Every line below from the one containing "Crossrock Hard-Shell Wood" through the one containing "- ✅ 5 FUNCTION" must be transcribed exactly. Omit all lines outside that stretch.

▸ Record extracts:
::::::::

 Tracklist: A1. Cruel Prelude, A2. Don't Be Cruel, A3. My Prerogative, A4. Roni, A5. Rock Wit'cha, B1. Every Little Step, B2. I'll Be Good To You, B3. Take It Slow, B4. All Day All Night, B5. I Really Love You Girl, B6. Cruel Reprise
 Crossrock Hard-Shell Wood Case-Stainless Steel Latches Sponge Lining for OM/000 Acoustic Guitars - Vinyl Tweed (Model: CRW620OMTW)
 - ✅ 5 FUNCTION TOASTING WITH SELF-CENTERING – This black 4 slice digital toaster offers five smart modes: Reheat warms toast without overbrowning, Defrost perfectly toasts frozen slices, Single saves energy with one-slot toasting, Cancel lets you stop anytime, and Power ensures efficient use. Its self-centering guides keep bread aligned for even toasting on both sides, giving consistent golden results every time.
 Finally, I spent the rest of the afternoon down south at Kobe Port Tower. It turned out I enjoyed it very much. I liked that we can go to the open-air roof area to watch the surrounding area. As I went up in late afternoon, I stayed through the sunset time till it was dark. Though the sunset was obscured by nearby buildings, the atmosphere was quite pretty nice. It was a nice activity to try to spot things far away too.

::::::::

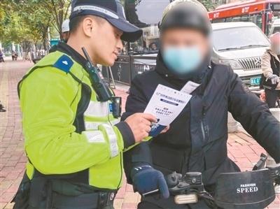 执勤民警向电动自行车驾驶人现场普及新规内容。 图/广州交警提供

::::::::

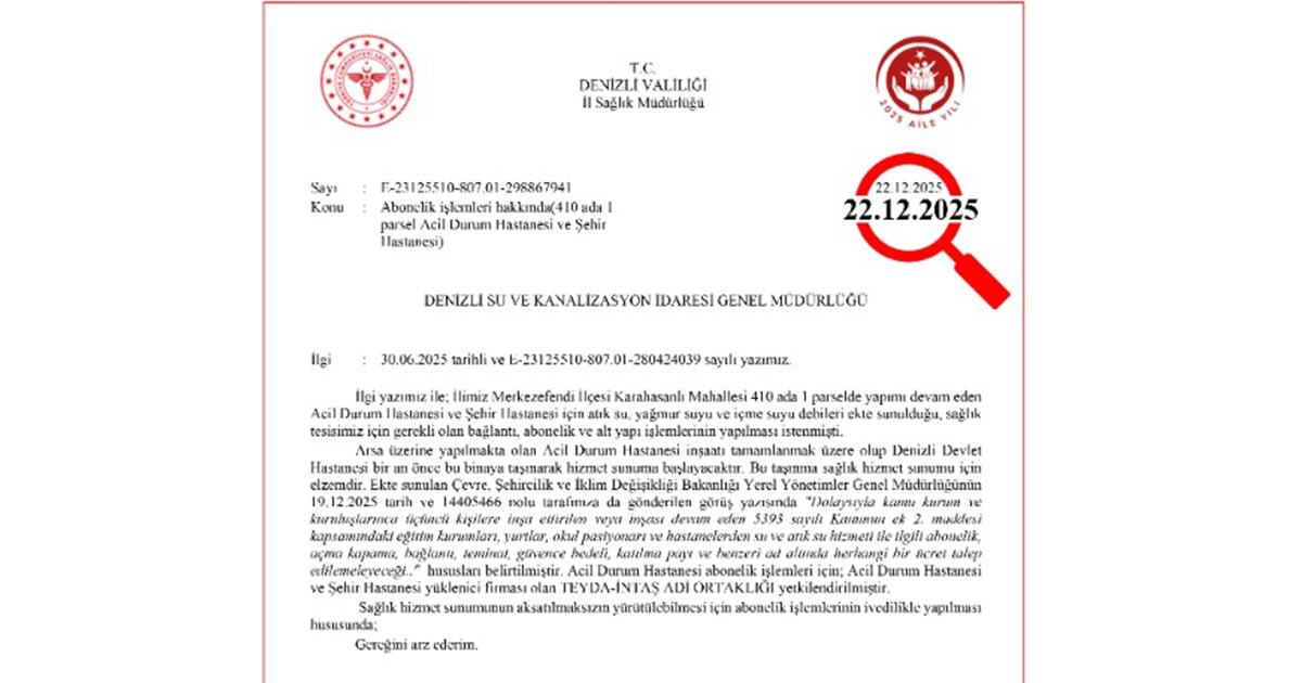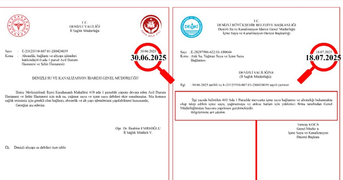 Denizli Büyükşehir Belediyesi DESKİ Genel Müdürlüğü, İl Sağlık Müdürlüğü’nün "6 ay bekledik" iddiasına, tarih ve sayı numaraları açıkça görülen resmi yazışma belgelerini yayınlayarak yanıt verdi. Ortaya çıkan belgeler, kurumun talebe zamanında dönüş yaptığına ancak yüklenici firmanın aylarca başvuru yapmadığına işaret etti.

::::::::

▸ Exercise solution:
 Crossrock Hard-Shell Wood Case-Stainless Steel Latches Sponge Lining for OM/000 Acoustic Guitars - Vinyl Tweed (Model: CRW620OMTW)
 - ✅ 5 FUNCTION TOASTING WITH SELF-CENTERING – This black 4 slice digital toaster offers five smart modes: Reheat warms toast without overbrowning, Defrost perfectly toasts frozen slices, Single saves energy with one-slot toasting, Cancel lets you stop anytime, and Power ensures efficient use. Its self-centering guides keep bread aligned for even toasting on both sides, giving consistent golden results every time.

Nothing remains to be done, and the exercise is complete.